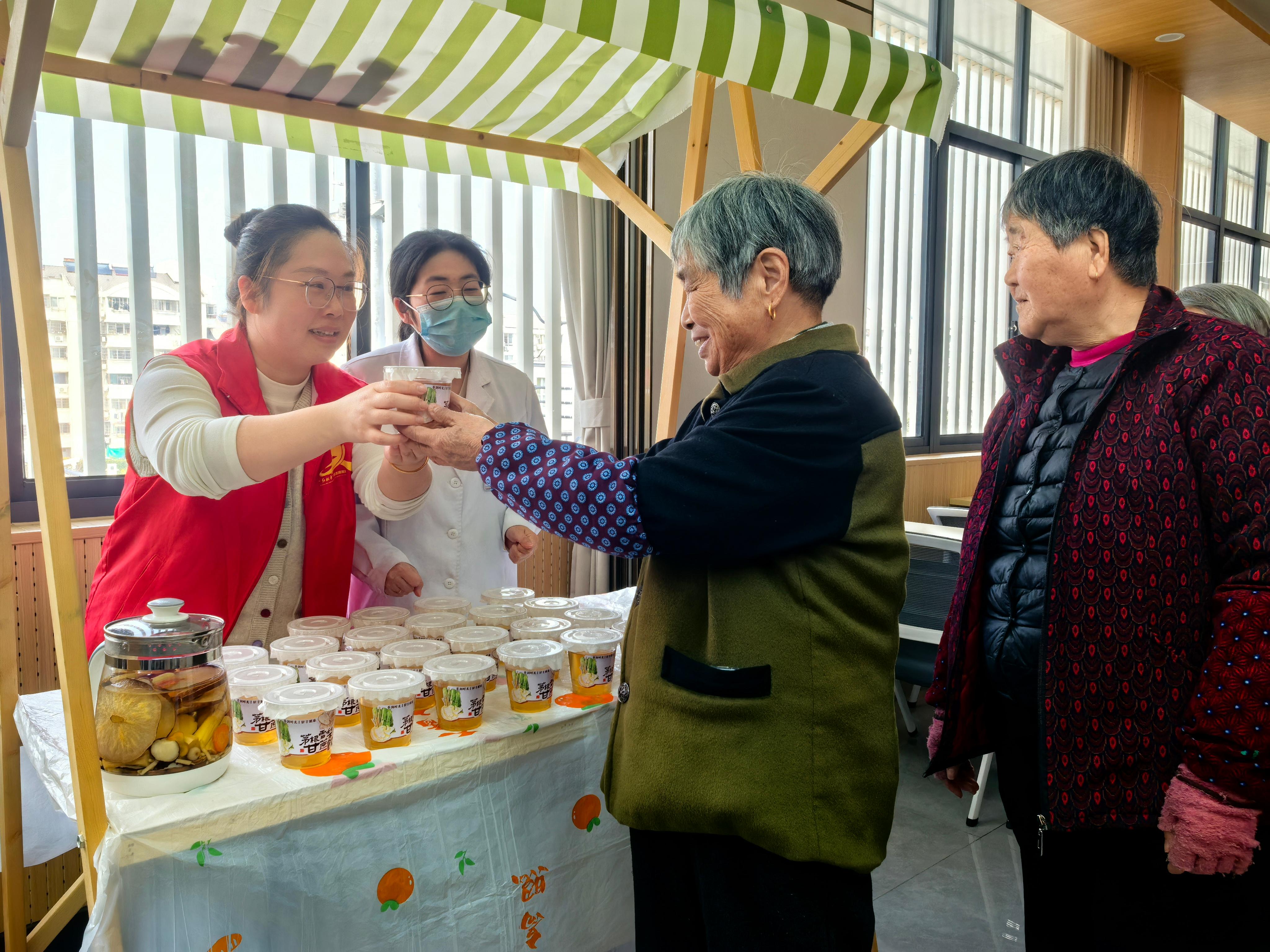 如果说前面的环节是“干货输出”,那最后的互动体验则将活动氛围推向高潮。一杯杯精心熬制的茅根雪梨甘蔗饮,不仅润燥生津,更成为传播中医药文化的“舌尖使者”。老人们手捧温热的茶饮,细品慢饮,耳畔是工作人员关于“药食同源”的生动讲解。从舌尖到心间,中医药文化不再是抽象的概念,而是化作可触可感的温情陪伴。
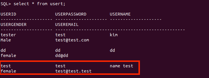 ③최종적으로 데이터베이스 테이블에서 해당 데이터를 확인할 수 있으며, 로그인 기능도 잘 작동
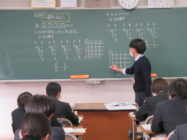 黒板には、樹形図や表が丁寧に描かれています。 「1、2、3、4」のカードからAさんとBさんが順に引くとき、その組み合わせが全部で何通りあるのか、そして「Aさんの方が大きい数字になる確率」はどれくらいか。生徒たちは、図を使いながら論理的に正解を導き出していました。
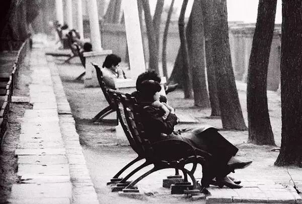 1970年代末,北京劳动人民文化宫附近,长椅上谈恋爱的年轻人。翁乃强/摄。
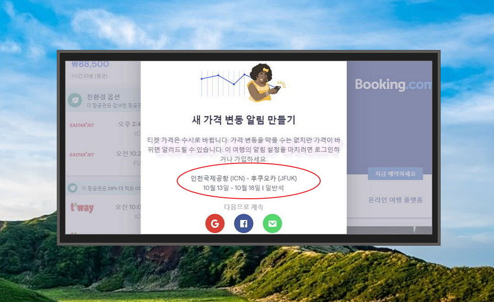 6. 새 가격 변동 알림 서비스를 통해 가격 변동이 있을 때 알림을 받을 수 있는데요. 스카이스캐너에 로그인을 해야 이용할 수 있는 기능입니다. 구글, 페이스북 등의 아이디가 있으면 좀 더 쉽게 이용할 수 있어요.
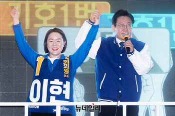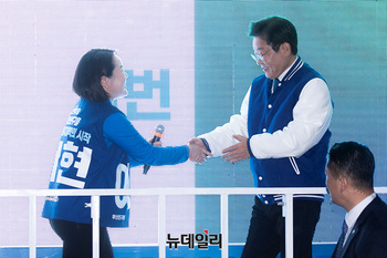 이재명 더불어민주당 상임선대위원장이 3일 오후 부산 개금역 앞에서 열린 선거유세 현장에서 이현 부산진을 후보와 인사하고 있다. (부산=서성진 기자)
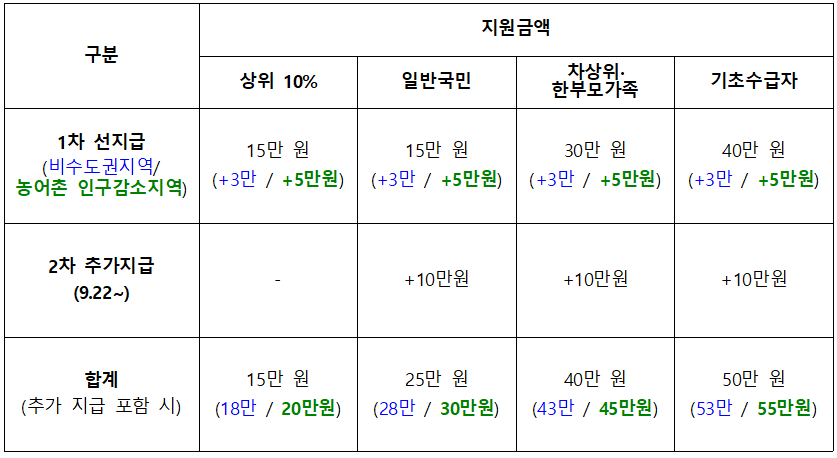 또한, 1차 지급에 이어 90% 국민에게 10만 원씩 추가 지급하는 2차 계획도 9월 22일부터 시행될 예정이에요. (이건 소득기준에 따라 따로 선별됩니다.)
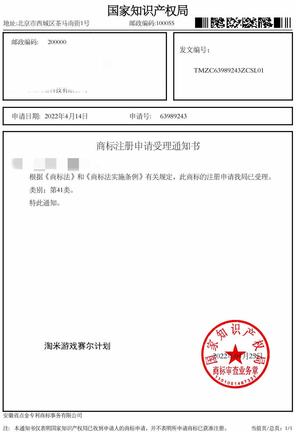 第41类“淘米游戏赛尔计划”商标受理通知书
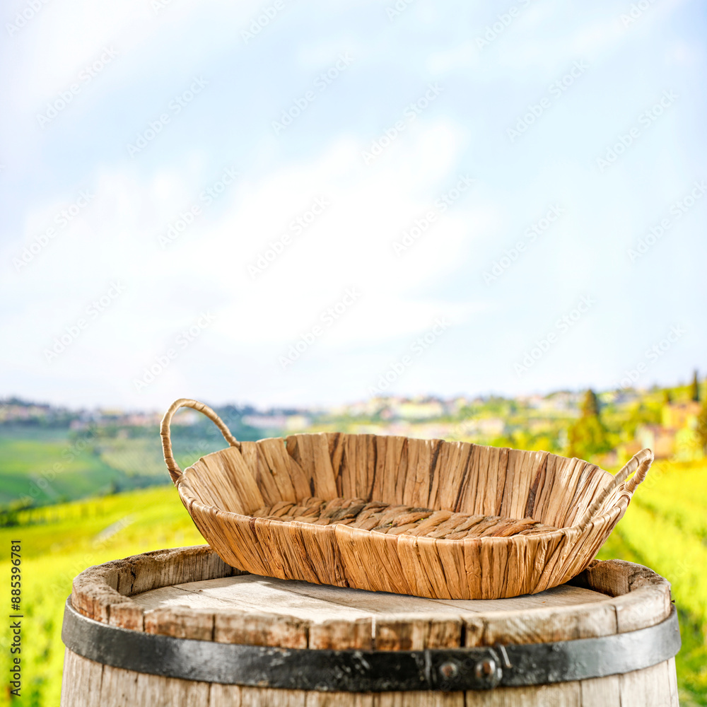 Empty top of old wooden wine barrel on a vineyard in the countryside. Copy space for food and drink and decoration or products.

• • • • •

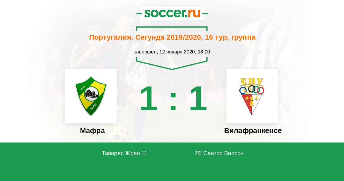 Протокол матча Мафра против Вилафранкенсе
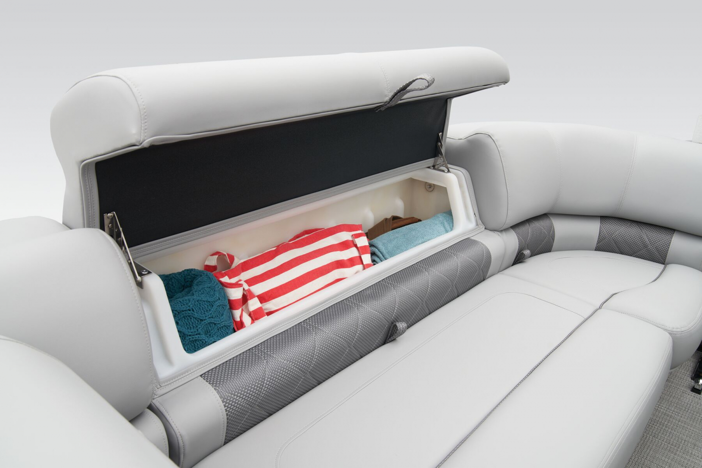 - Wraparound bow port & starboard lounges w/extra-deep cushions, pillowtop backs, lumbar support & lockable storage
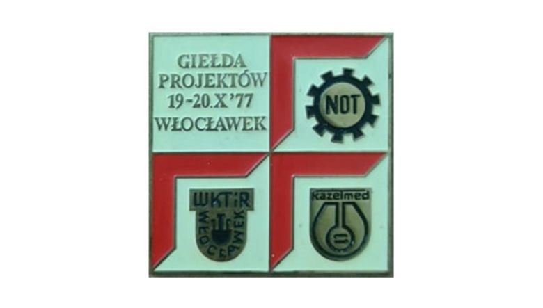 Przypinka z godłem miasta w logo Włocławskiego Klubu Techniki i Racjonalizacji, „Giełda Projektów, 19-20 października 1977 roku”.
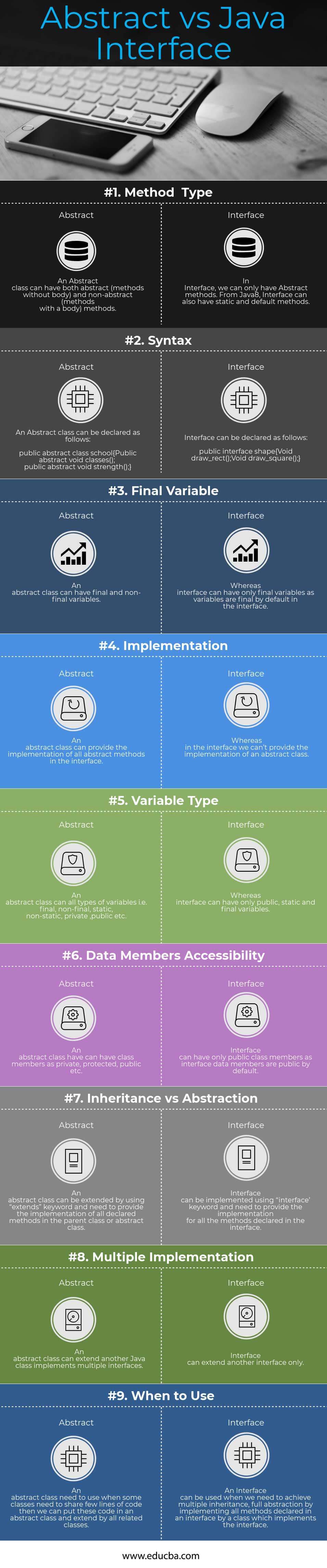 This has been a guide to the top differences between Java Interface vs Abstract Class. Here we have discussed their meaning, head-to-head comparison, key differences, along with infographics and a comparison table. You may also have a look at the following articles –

• • • • •

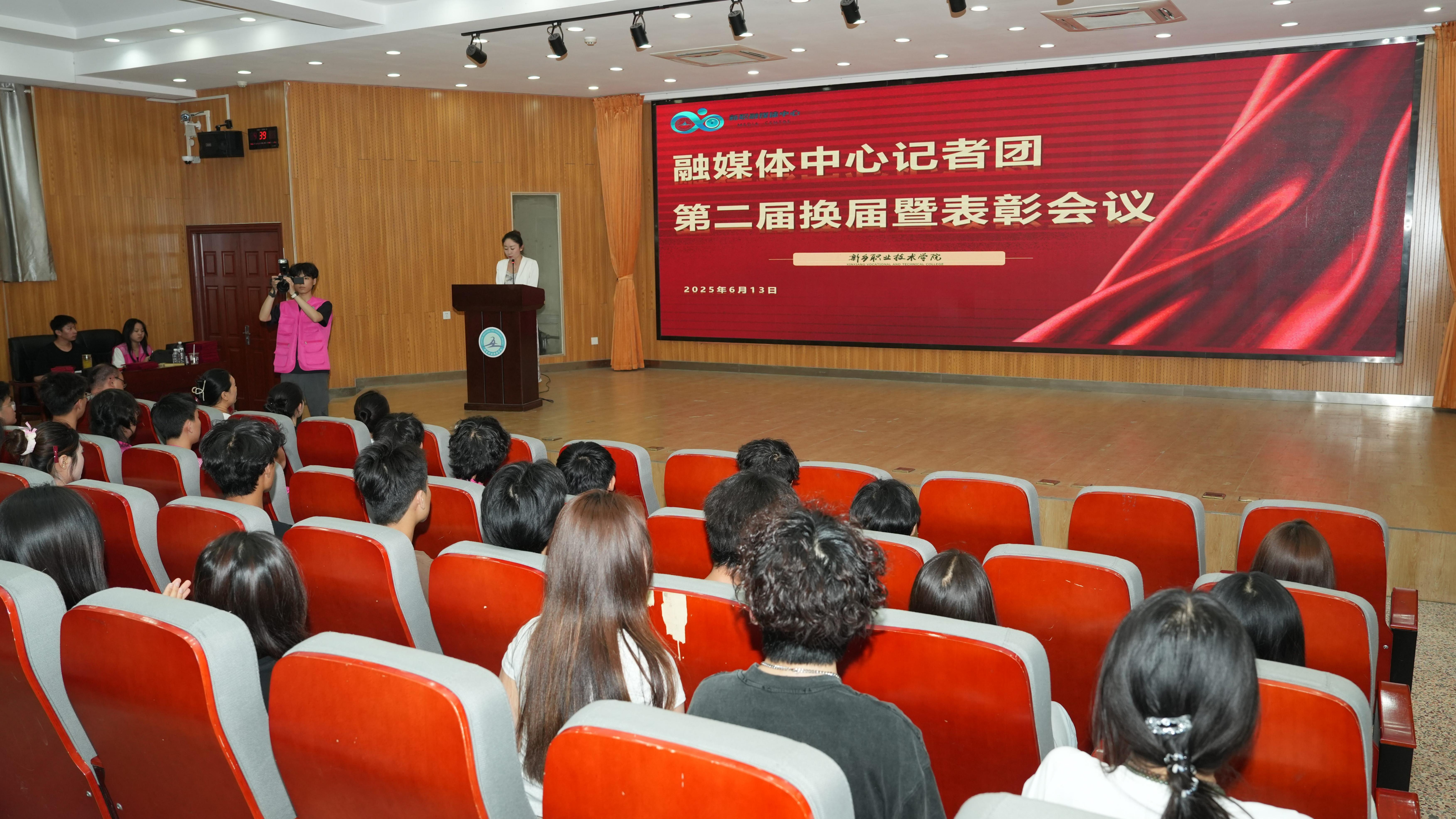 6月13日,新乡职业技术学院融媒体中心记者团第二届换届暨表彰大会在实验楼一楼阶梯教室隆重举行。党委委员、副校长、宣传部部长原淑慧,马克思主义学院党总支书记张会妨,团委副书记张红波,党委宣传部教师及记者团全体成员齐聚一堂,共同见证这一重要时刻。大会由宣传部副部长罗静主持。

• • • • •

Task details
Exact repeat of the material above: every line from the one with "또한, 1차 지급에 이어" through the one with "Empty top of", endpoints included, and nothing more. No pictures.

Solution for this exercise
 또한, 1차 지급에 이어 90% 국민에게 10만 원씩 추가 지급하는 2차 계획도 9월 22일부터 시행될 예정이에요. (이건 소득기준에 따라 따로 선별됩니다.)
 第41类“淘米游戏赛尔计划”商标受理通知书
 Empty top of old wooden wine barrel on a vineyard in the countryside. Copy space for food and drink and decoration or products.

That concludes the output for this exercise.